Twitter © Sunil Joshi, Ravneet Joshi with Aryan Joshi

“I honestly feel that we gave him a positive environment at home from our side trying to sort of support him and never tell him what to do. It was always his choice whether he wants to take sports seriously or sort of whether he wants to take academics seriously. But the only thing we were focused on is to be sincere in whatever you are doing. Like be honest with yourself and that’s what he has been always with academics and sports and he balanced it quite well. It was a no-pressure environment. I think from our side at least we told him very comprehensively that do what you want to do and whatever happens in life, your parents will always support you. That type of love he got at home and he never had to prove himself.”

After chalking out the plans, Aryan got in touch with athletes from various sports to tell stories of how they overcame tough challenges in their life and how mental strength helped them overcome those phases. Sourcing those videos, Joshi put them up on his Facebook page called “Mental Strength Matters”. 

“I am lucky that a few of my close friends and relatives are sportsmen so they were very open with me and I could question them. It started off as a discussion and then I felt that I could turn this into an interview maybe. I came up with a small questionnaire. The first question was would you be able to appreciate the challenge and how did mental strength help you to overcome it and lastly what message would you like to share with the youth with regards to mental strength. This project is not targeted only for athletes. I think everybody can learn from this,” Aryan added.

So far, in three seasons of MSM short clips, Joshi has brought in the some of the finest sportsmen like Virender Sehwag, KL Rahul, Mayank Agarwal, Yuvraj Singh, Kuldeep Yadav, Mithali Raj, Pankaj Advani, Zaheer Khan, Robin Uthappa, Harbhajan Singh, Jhulan Goswami, Veda Krishnamurthy, and Vinay Kumar among others. The budding youngsters like Prithvi Shaw, Shubang Hegde, Yashasvi Jaiswal, Priyam Garg also shared their experience to make the profile a richer one for anyone who wants to understand and learn the secrets of how inspirational athletes overcome the challenges pertaining to mental health.

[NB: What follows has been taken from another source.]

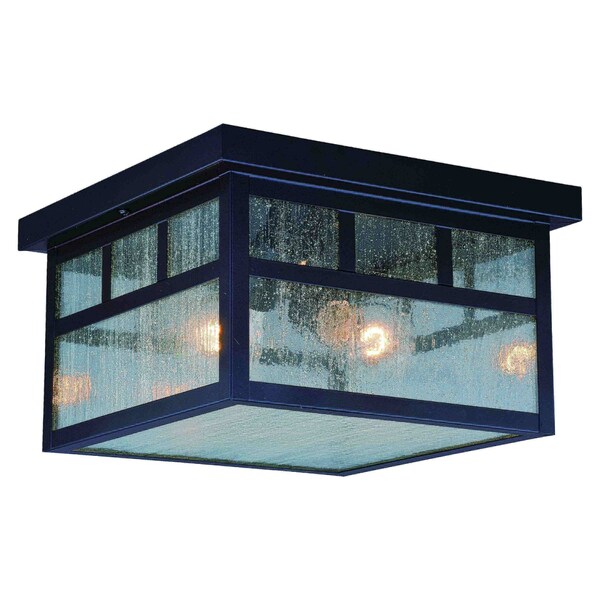 Flat strips of oil burnished bronze outline clear seeded glass panes in the Mission collection. The simple design of this fixture has a mission style look perfect for Frank Lloyd Wright prairie inspired decors. This outdoor ceiling light is ideal for your porch, entryway, or any other area of your home.

“I myself tried to understand what mental strength is. I personally took videos of athletes so I could share with anyone of my age or younger who wanted to become professionals. But then when there were so many varieties from cricket, football, driving, golf and other sports. I realised that everyone faced different challenges and those were not pertaining only to their sport. So we could’ve faced much bigger challenges in personal life. So I realised that not only athletes but most people can learn from this project.”

Bringing Tim Paine’s words to the context, the spike in mental illnesses is not just a cricket problem as it is one of the biggest issues to have wrapped the humankind. 17-year-old Aryan Joshi - the age needs a reinforcement here - has started a much-required commentary. Embracing the idea might help create a revolution and more importantly, a conversation.